KANSAS CITY, Mo. -- Students across the country are getting more than a pat on the back for scoring well on tests or attending school this summer. They're earning gift certificates, pizza parties and even prepaid credit cards.
As pressure grows to improve test scores, schools in places like Kansas City and Buffalo, N.Y., say they're successfully using such incentives. Critics, however, call them a poor use of public money at a time when many states are struggling to fund education.
And school, they say, shouldn't be thought of as a place to make a buck.
"In a sense, there's something sad about having to bribe kids to pay attention to a boring test," said Monty Neill, executive director of the National Center for Fair and Open Testing in Cambridge, Mass. "That shouldn't be what school is about."
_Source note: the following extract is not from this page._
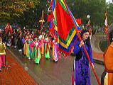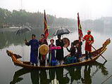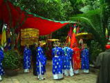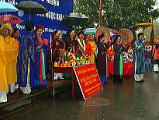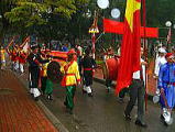 2006年3月5日(Sun) 朝食が終わったころ、遠くで太鼓の音がします。「お祭り?」 じっとしていられなくなり、急いで、身支度をしてカメラを持ち、小雨の降る中、音のするほうへと急ぎました。行列を見付けて後についていくと、すぐ近くのゴックカイン湖 HO NGOC KHANH にある お寺 DINH LANG NGOC KHANH の前で止まりました。その前に横断幕が張ってあり、セレモニーが始まりました。 横断幕には、LE DON BANG CONG NHAN DI TICH LICH SU VAN HOA と書かれていました。この お寺のお祭りのようでした。音楽を奉納した後、表彰みたいのをし、その後、湖を一周して終わりました。 ちゃんとお寺もお参りしました。 |
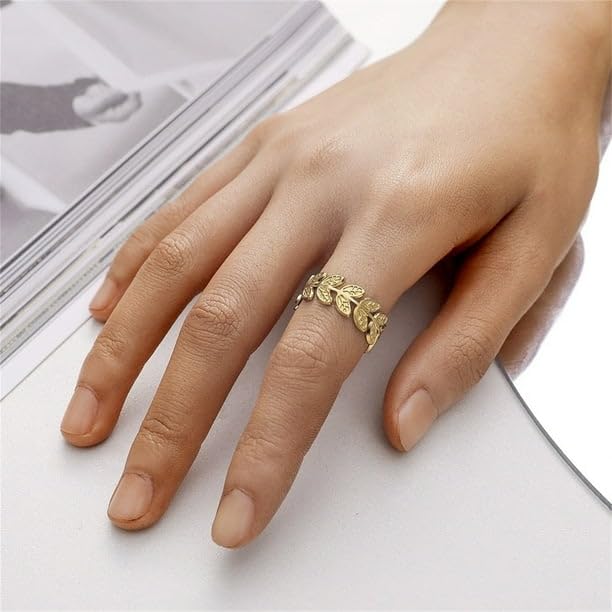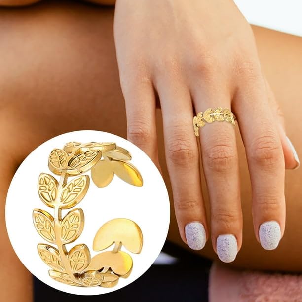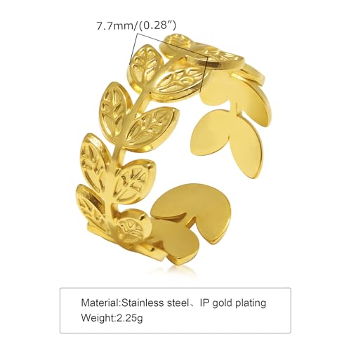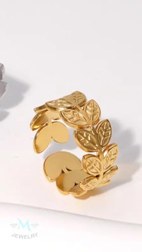 Generic - خاتم بتصميم ورقة قمح من الستانلس ستيل مطلي بالذهب عيار 18 قيراط للنساء، هدية رائعة للصداقة وعيد الحب - قابل للتعديل

Evidence of incentives' success is mixed. A pair of experiments conducted in the 1990s at the University of California-Los Angeles examined whether cash rewards could entice students to score better on tests.
Eighth-graders paid $1 for each correct answer scored slightly higher than students who were not paid; the money made no difference for 12th-graders.
In the second study, researchers looked again at 12th-graders, but upped the ante to $10 for each correct answer. Again, there was no difference between the paid and unpaid group, said Harold O'Neil, one of the researchers and an education professor at the University of Southern California.
But districts, including Kansas City's, have started offering incentives to students just for showing up. That's particularly common in Missouri summer school programs, because the districts themselves receive a financial incentive from the state for holding summertime sessions.
Struggle for attendance
Before the incentives were added, the Kansas City district struggled to get students to attend regularly.
"They'd come for a day or two, or week, and then they'd drop out," said Sugar Lee Lewis, the district's director of summer school and admissions.
Daily attendance has improved under the incentives program, and more than 14,000 students are enrolled in summer school this year, up from about 9,400 last year. In 2001, when no incentives for attendance were offered, just 6,000 students enrolled in summer school.
"In some cases, it has raised some eyebrows because some parents think it improper that you have to provide incentives to get kids to go to school," said Jim Morris, a spokesman for the Missouri Department of Elementary and Secondary Education.
"But even so," he said, "it seems to be flourishing."
Last year, about 55 districts in the state contracted with Newton Learning, a division of the for-profit school management company Edison Schools Inc., to operate summer programs. In 1999, the company began offering incentives -- including bicycles, video games, stereos and gift certificates -- to students participating in summer school programs.
"It's very simple," said Adam Tucker, a spokesman for Edison. "Kids can't learn unless they are in school."
Newton, which also operates summer school programs in California, plans to expand into other states in coming years.
At Buffalo's Burgard Vocational High School, students who participate in a three-year-old program that focuses on academics and includes an intensive look at the automotive industry receive $5.15 an hour to attend class during the summer. They are also given a stipend of about $45 a month for attending an after-school program that meets three days a week during the regular school year.
John Suchy, the program's coordinator, said participants have a higher overall attendance rate and score about 6 percentage points higher academically than classmates who aren't involved.
Kansas City's district plans to spend $750,000 on prepaid Visa cards this summer for attendance rewards. Students who don't miss a day will get a card worth $125; those who miss only two get a $50 card.
Courtney Fields and classmate Che'Myra Fields, who aren't related, already have plans for their cards.
The soon-to-be sixth graders at Southeast K-8 Zoo Academy are planning vacations: Courtney, 11, envisions a trip to Mississippi to see her cousins, while Che'Myra, 10, wants to visit Chicago. Clothes, games and candy are also on their shopping list.
The district has also added an incentive program worth nearly $380,000 to reward schools whose students perform well on state tests. Under the plan, any of the district's 66 schools could give students direct incentives -- such as tickets to movies, amusement parks or sporting events. Schools also could stage such events as school-wide picnics.
District spokesman Edwin Birch acknowledged the incentive effort has its critics. But, he said, "How do you reach those kids who don't see the value of an education because they are dealing with other things in their lives?"